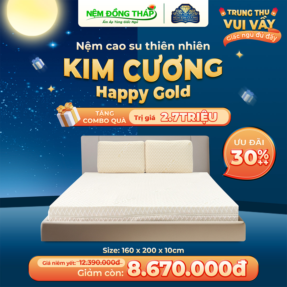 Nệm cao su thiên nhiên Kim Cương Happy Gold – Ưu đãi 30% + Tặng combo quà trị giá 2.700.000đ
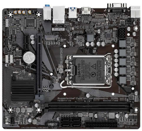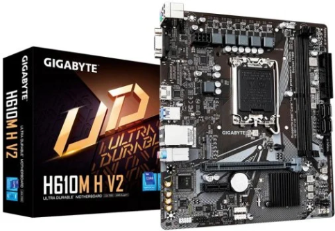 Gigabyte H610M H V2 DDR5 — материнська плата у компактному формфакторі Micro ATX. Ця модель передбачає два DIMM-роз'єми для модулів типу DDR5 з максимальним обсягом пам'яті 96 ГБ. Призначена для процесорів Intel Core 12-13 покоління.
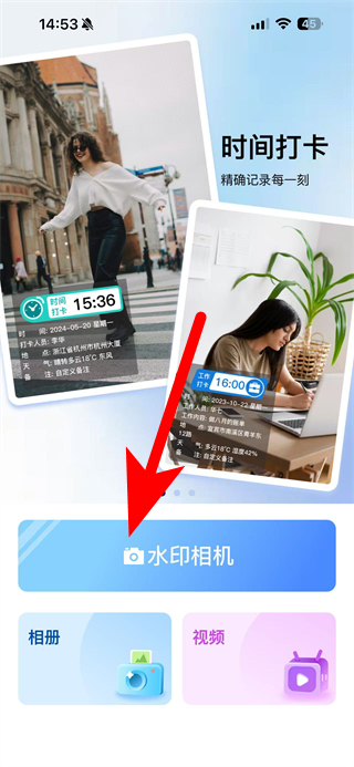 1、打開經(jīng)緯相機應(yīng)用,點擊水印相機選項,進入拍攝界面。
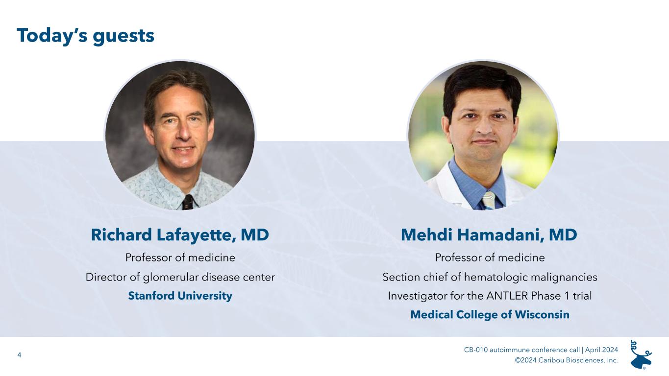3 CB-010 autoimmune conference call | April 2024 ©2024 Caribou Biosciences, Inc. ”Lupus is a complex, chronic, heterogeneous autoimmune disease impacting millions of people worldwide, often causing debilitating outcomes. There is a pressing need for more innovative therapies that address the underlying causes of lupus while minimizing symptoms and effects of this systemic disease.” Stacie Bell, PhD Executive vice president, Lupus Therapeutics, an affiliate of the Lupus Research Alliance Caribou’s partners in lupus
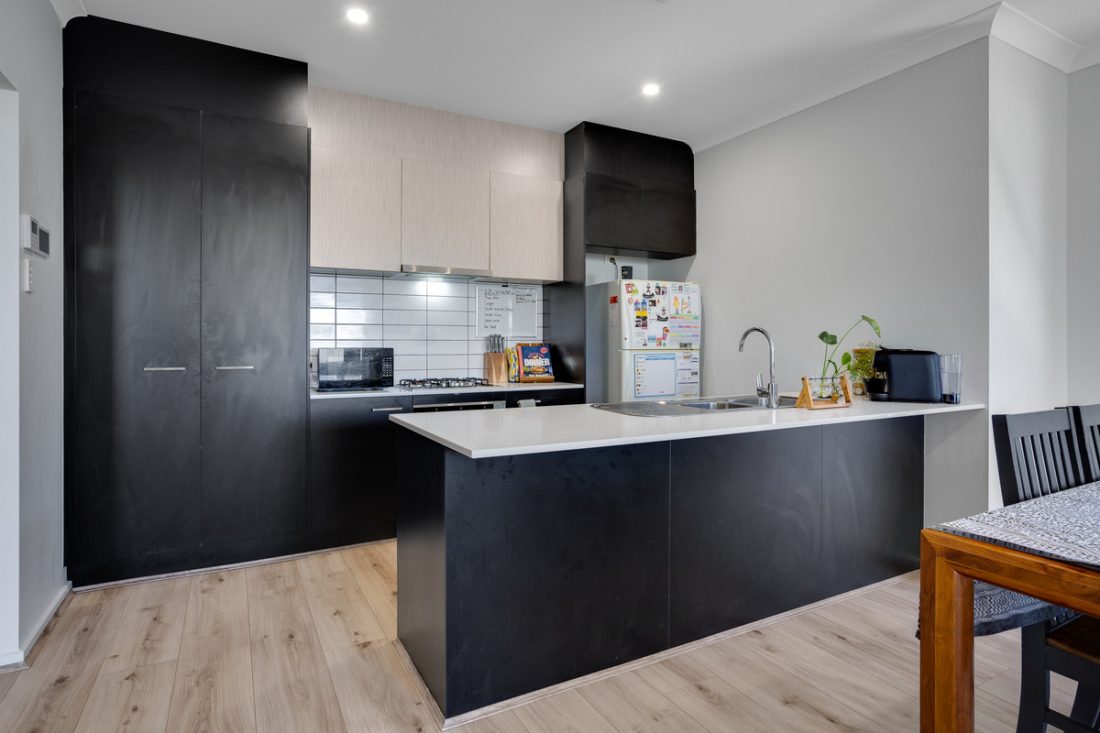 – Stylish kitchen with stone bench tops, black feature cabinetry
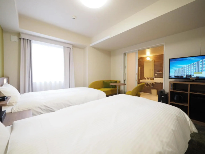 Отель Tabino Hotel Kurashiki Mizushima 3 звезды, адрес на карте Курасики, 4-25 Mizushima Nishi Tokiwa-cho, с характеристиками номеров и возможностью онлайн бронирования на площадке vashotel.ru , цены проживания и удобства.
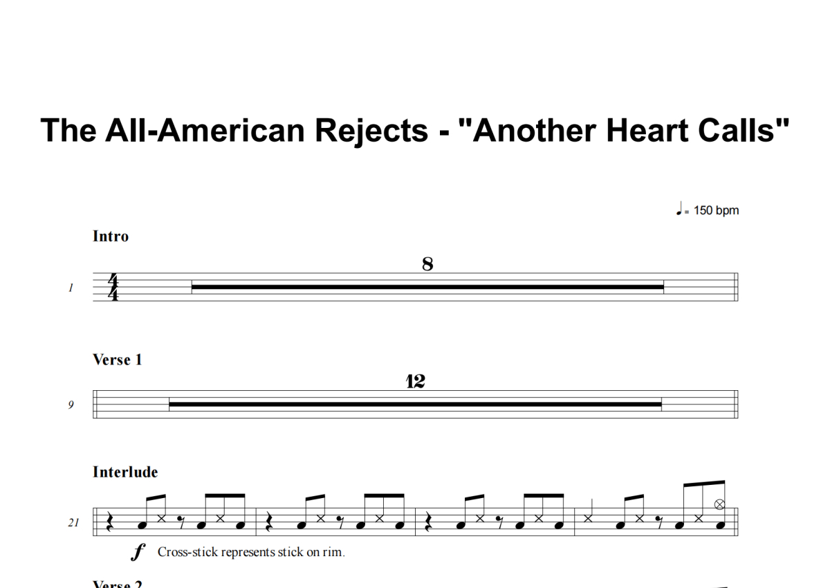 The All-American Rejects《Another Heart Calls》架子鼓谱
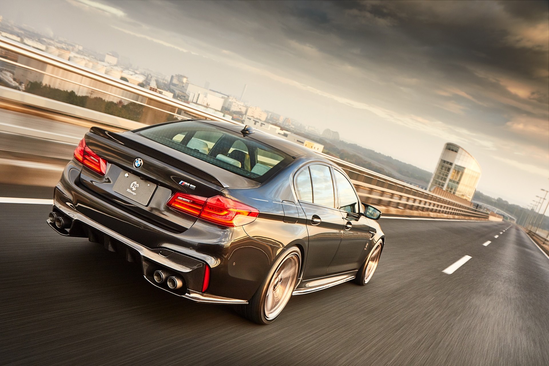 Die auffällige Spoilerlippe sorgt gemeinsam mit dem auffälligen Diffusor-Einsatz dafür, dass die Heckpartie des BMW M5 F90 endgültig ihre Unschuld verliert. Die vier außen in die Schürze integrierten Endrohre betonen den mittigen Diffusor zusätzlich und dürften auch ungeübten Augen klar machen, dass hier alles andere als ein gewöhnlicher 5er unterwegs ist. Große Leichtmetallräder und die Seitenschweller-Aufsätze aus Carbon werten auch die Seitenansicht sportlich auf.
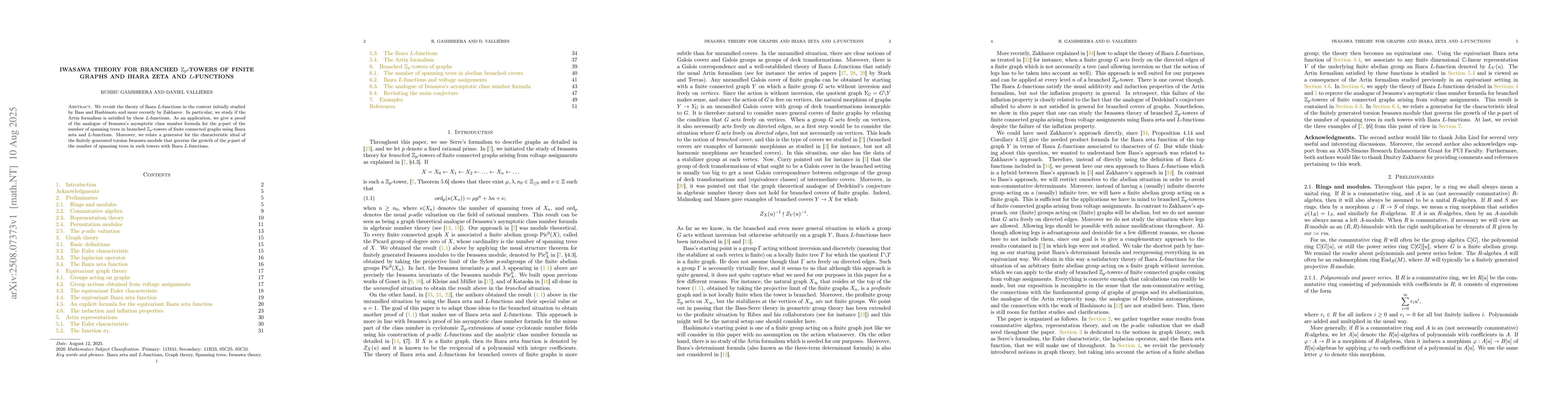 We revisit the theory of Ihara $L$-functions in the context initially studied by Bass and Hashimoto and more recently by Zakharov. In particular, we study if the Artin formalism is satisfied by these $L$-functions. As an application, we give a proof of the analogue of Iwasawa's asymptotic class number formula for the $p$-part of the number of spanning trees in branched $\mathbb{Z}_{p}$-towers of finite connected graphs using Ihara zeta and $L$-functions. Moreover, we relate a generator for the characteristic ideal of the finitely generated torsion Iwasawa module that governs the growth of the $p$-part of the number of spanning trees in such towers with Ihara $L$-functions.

· · · · · · ·

▸ **WORK INSTRUCTIONS**
Using the data above, write out every line exactly, leaving the images behind.

▸ **ANSWER AREA**
 Nệm cao su thiên nhiên Kim Cương Happy Gold – Ưu đãi 30% + Tặng combo quà trị giá 2.700.000đ
 Gigabyte H610M H V2 DDR5 — материнська плата у компактному формфакторі Micro ATX. Ця модель передбачає два DIMM-роз'єми для модулів типу DDR5 з максимальним обсягом пам'яті 96 ГБ. Призначена для процесорів Intel Core 12-13 покоління.
 1、打開經(jīng)緯相機應(yīng)用,點擊水印相機選項,進入拍攝界面。
3 CB-010 autoimmune conference call | April 2024 ©2024 Caribou Biosciences, Inc. ”Lupus is a complex, chronic, heterogeneous autoimmune disease impacting millions of people worldwide, often causing debilitating outcomes. There is a pressing need for more innovative therapies that address the underlying causes of lupus while minimizing symptoms and effects of this systemic disease.” Stacie Bell, PhD Executive vice president, Lupus Therapeutics, an affiliate of the Lupus Research Alliance Caribou’s partners in lupus
 – Stylish kitchen with stone bench tops, black feature cabinetry
 Отель Tabino Hotel Kurashiki Mizushima 3 звезды, адрес на карте Курасики, 4-25 Mizushima Nishi Tokiwa-cho, с характеристиками номеров и возможностью онлайн бронирования на площадке vashotel.ru , цены проживания и удобства.
 The All-American Rejects《Another Heart Calls》架子鼓谱
 Die auffällige Spoilerlippe sorgt gemeinsam mit dem auffälligen Diffusor-Einsatz dafür, dass die Heckpartie des BMW M5 F90 endgültig ihre Unschuld verliert. Die vier außen in die Schürze integrierten Endrohre betonen den mittigen Diffusor zusätzlich und dürften auch ungeübten Augen klar machen, dass hier alles andere als ein gewöhnlicher 5er unterwegs ist. Große Leichtmetallräder und die Seitenschweller-Aufsätze aus Carbon werten auch die Seitenansicht sportlich auf.
 We revisit the theory of Ihara $L$-functions in the context initially studied by Bass and Hashimoto and more recently by Zakharov. In particular, we study if the Artin formalism is satisfied by these $L$-functions. As an application, we give a proof of the analogue of Iwasawa's asymptotic class number formula for the $p$-part of the number of spanning trees in branched $\mathbb{Z}_{p}$-towers of finite connected graphs using Ihara zeta and $L$-functions. Moreover, we relate a generator for the characteristic ideal of the finitely generated torsion Iwasawa module that governs the growth of the $p$-part of the number of spanning trees in such towers with Ihara $L$-functions.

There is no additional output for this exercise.